*WHAT TO PRODUCE*. In your copy, each line below is repeated exactly and no image appears.

*SUPPLIED INFORMATION*.

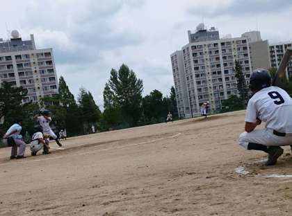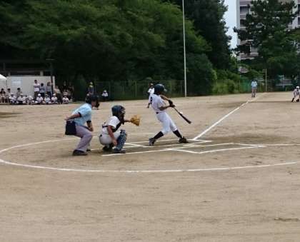 試合は2点を難波中学校に先行されるも、五回に連打で同点に追い付き一気に反撃ムードが高まりましたが、六回裏に3点を追加され、2対5で残念ながら惜敗しました。
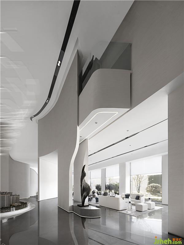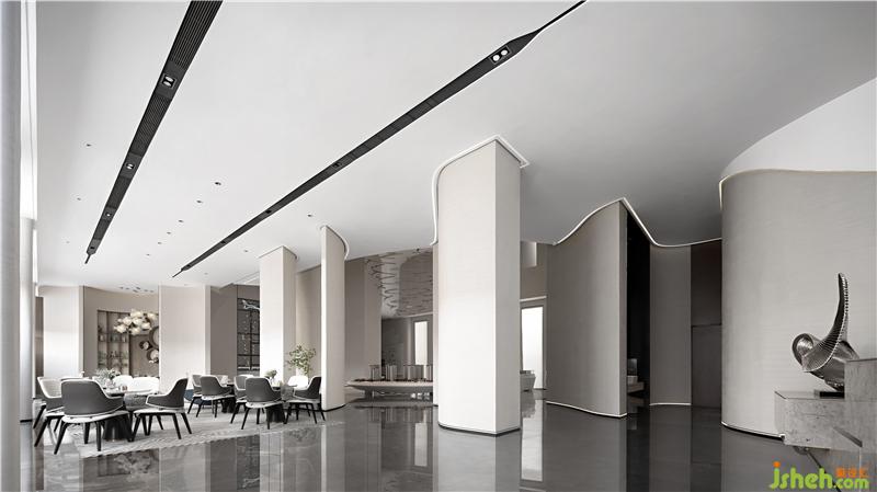 接待前廳,幾段曲線,寥寥幾筆繪盡漢水迸流的寫意之美,意象與自然并肩偕行。深厚的人文與線條的靈動(dòng)如浪濤般綿延,素雅無(wú)邊卻又風(fēng)雅自成。
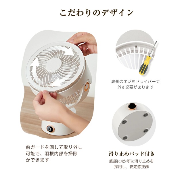 ◆前面ガードは回すだけで簡単に取り外すことができ、羽根の汚れやホコリを払い落とし、常に清潔な風を送ります。(※裏側のネジをドライバーで外す必要があります。ドライバーは別途ご用意ください。)

*FINAL ANSWER*.
 試合は2点を難波中学校に先行されるも、五回に連打で同点に追い付き一気に反撃ムードが高まりましたが、六回裏に3点を追加され、2対5で残念ながら惜敗しました。
 接待前廳,幾段曲線,寥寥幾筆繪盡漢水迸流的寫意之美,意象與自然并肩偕行。深厚的人文與線條的靈動(dòng)如浪濤般綿延,素雅無(wú)邊卻又風(fēng)雅自成。
 ◆前面ガードは回すだけで簡単に取り外すことができ、羽根の汚れやホコリを払い落とし、常に清潔な風を送ります。(※裏側のネジをドライバーで外す必要があります。ドライバーは別途ご用意ください。)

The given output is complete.